Top of Listed entries

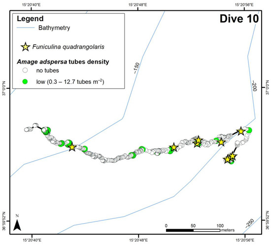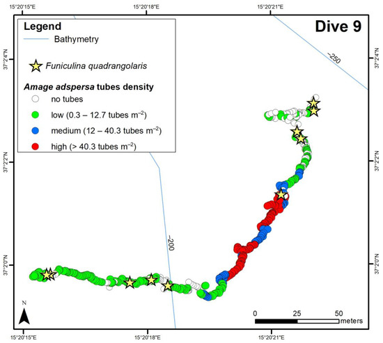 Spatial distribution of Amage adspersa along the ROV tracks (D9 and D10) with indication of relative species abundance and presence of Funiculina quadrangularis.
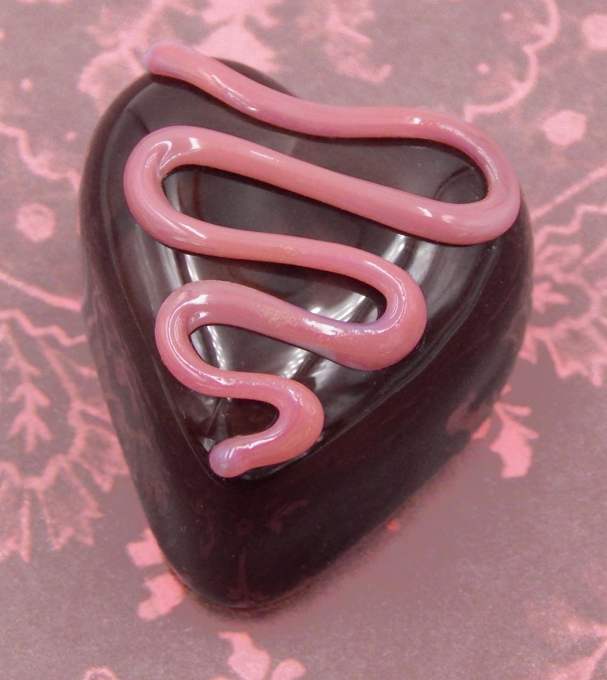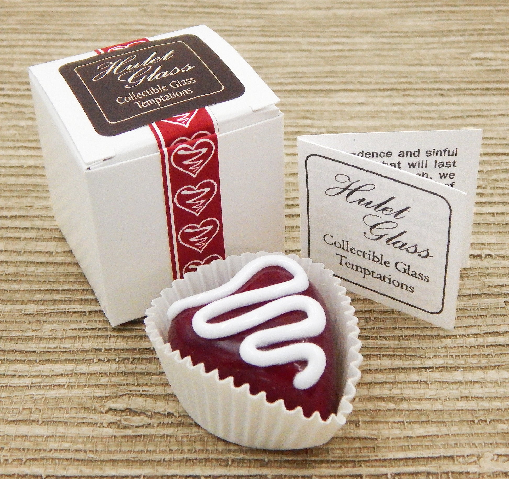 Handmade collectible solid glass heart-shaped chocolates each with a sweep of yummy frosting on top created from colorful glass utilizing flameworking techniques. Meticulous attention to detail has gone into the construction of each of our pieces to enhance its appeal and collectibility.
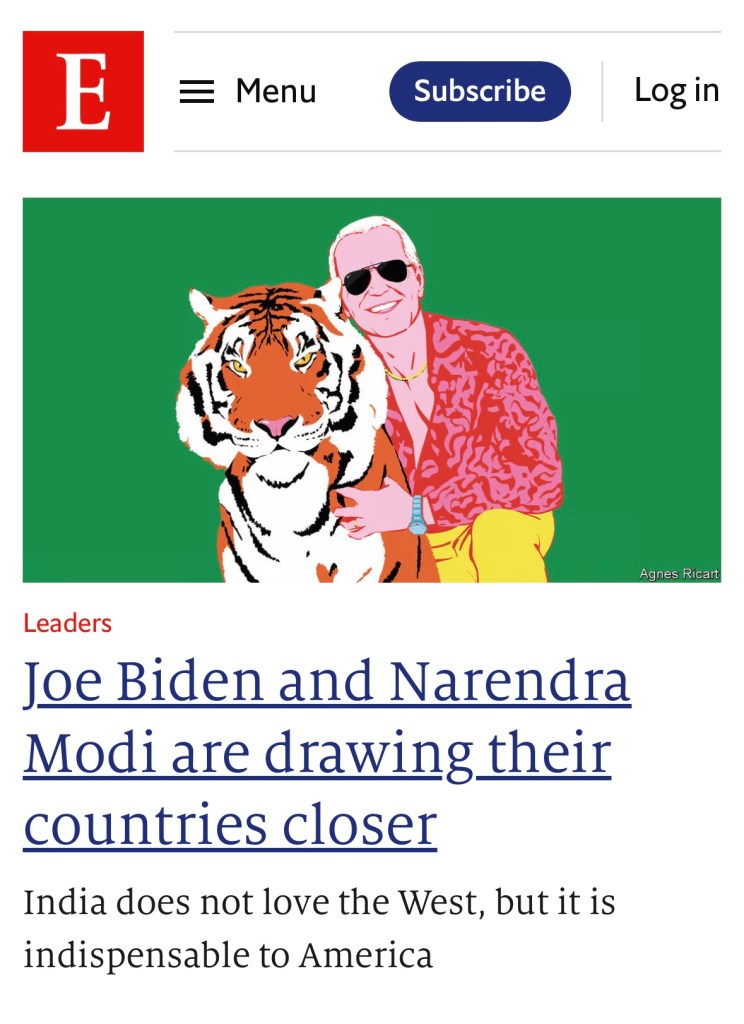 2. India is certainly more democratic and far less liberal than the West. Why? That’s because America is really more a plutocracy than a democracy. And its liberal values are imperialistic — in essence, nature and intent. Which is why whatever form and shape the Biden -Modi Agreement is going to be, it will only be — as the Economist perspicaciously says — “an alignment of interests, not principles”. In other words, it’s going to be a live-in relationship not a marriage .
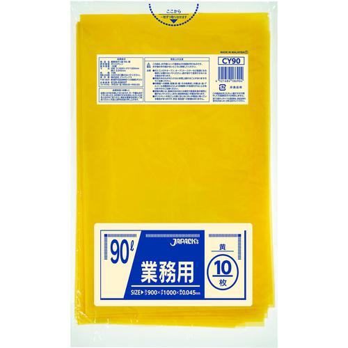 ジャパックス 業務用ポリ袋 90L黄色10枚 厚み0.045mm〔品番:CY90〕[注番:3892685]
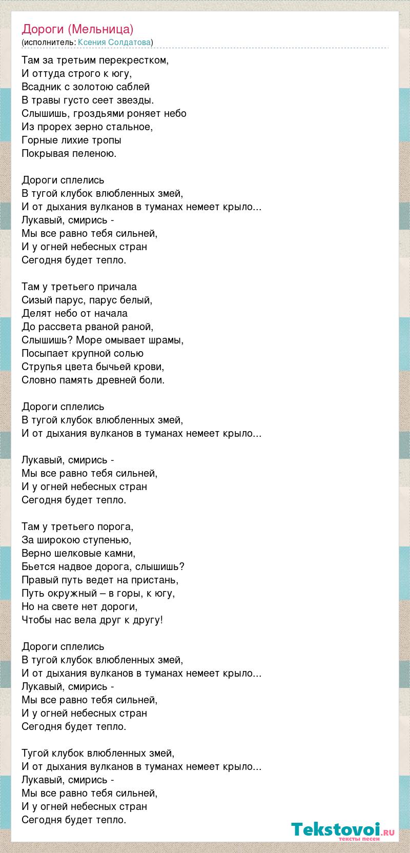 Там за третьим перекрестком, И оттуда строго к югу, Всадник с золотою саблей В травы густо сеет звезды. Слышишь, гроздьями роняет небо Из прорех зерно стальное, Горные лихие тропы Покрывая пеленою. Дороги сплелись В тугой клубок влюбленных змей, И от дыхания вулканов в туманах немеет крыло... Лукавый, смирись - Мы все равно тебя сильней, И у огней небесных стран Сегодня будет тепло. Там у третьего причала Сизый парус, парус белый, Делят небо от начала До рассвета рваной раной, Слышишь? Море омывает шрамы, Посыпает крупной солью Струпья цвета бычьей крови, Словно память древней боли. Дороги сплелись В тугой клубок влюбленных змей, И от дыхания вулканов в туманах немеет крыло... Лукавый, смирись - Мы все равно тебя сильней, И у огней небесных стран Сегодня будет тепло. Там у третьего порога, За широкою ступенью, Верно шелковые камни, Бьется надвое дорога, слышишь? Правый путь ведет на пристань, Путь окружный – в горы, к югу, Но на свете нет дороги, Чтобы нас вела друг к другу! Дороги сплелись В тугой клубок влюбленных змей, И от дыхания вулканов в туманах немеет крыло... Лукавый, смирись - Мы все равно тебя сильней, И у огней небесных стран Сегодня будет тепло. Тугой клубок влюбленных змей, И от дыхания вулканов в туманах немеет крыло... Лукавый, смирись - Мы все равно тебя сильней, И у огней небесных стран Сегодня будет тепло.
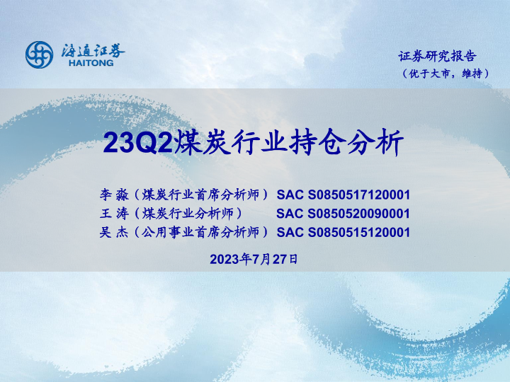 【海通证券】【20230727】23Q2煤炭行业持仓分析-11页
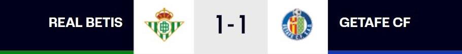 - Бетіс та Хетафе зіграли результативну нічию (1:1). Команди забили по голу у першому таймі.
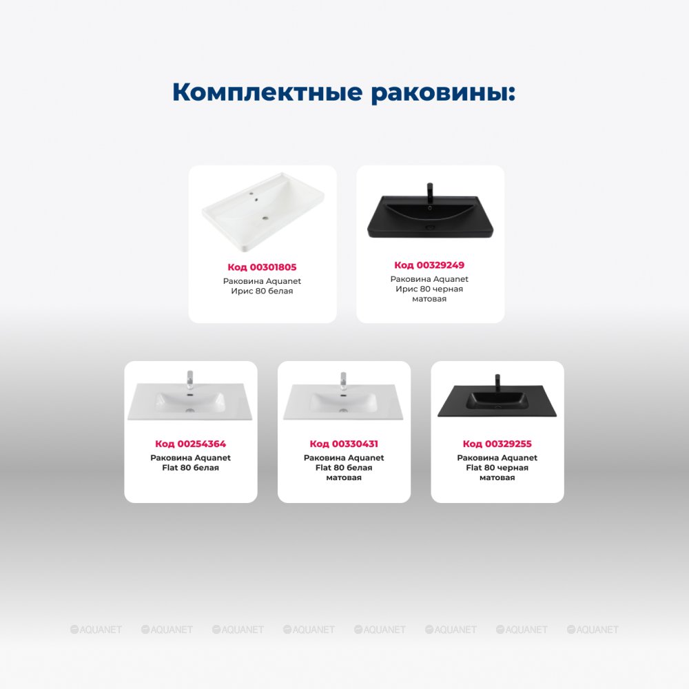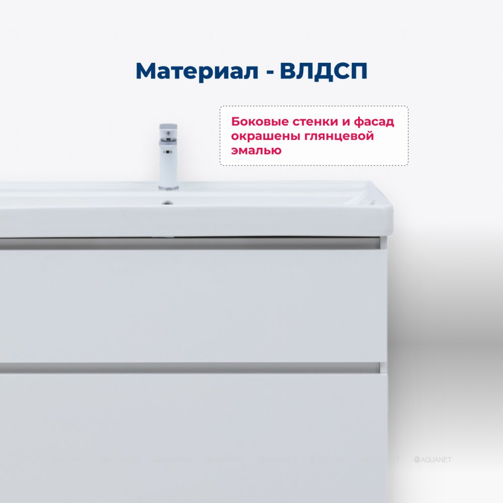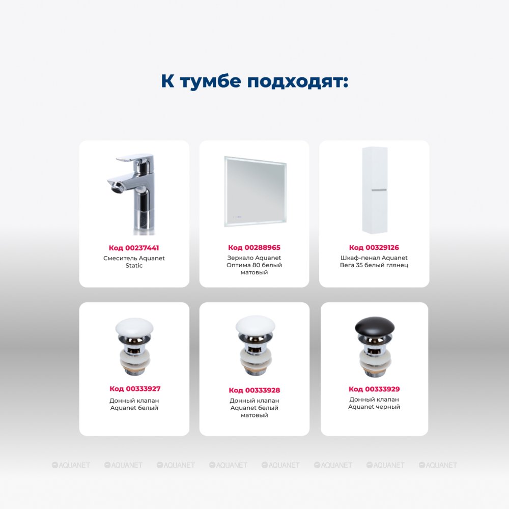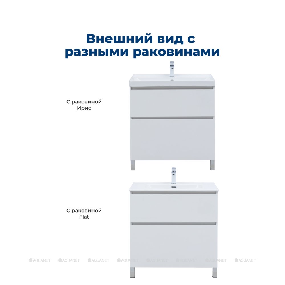 Aquanet 345377 Тумба с раковиной Вега 80 (Ирис) напольная 2 ящ. цв. белый глянец (345377)

Bottom of Listed entries

=== Task directions ===
The lines from the top of the data above through the one holding "ジャパックス 業務用ポリ袋 90L黄色10枚" are to be repeated exactly, and only those, with no pictures.

=== Exercise output ===
 Spatial distribution of Amage adspersa along the ROV tracks (D9 and D10) with indication of relative species abundance and presence of Funiculina quadrangularis.
 Handmade collectible solid glass heart-shaped chocolates each with a sweep of yummy frosting on top created from colorful glass utilizing flameworking techniques. Meticulous attention to detail has gone into the construction of each of our pieces to enhance its appeal and collectibility.
 2. India is certainly more democratic and far less liberal than the West. Why? That’s because America is really more a plutocracy than a democracy. And its liberal values are imperialistic — in essence, nature and intent. Which is why whatever form and shape the Biden -Modi Agreement is going to be, it will only be — as the Economist perspicaciously says — “an alignment of interests, not principles”. In other words, it’s going to be a live-in relationship not a marriage .
 ジャパックス 業務用ポリ袋 90L黄色10枚 厚み0.045mm〔品番:CY90〕[注番:3892685]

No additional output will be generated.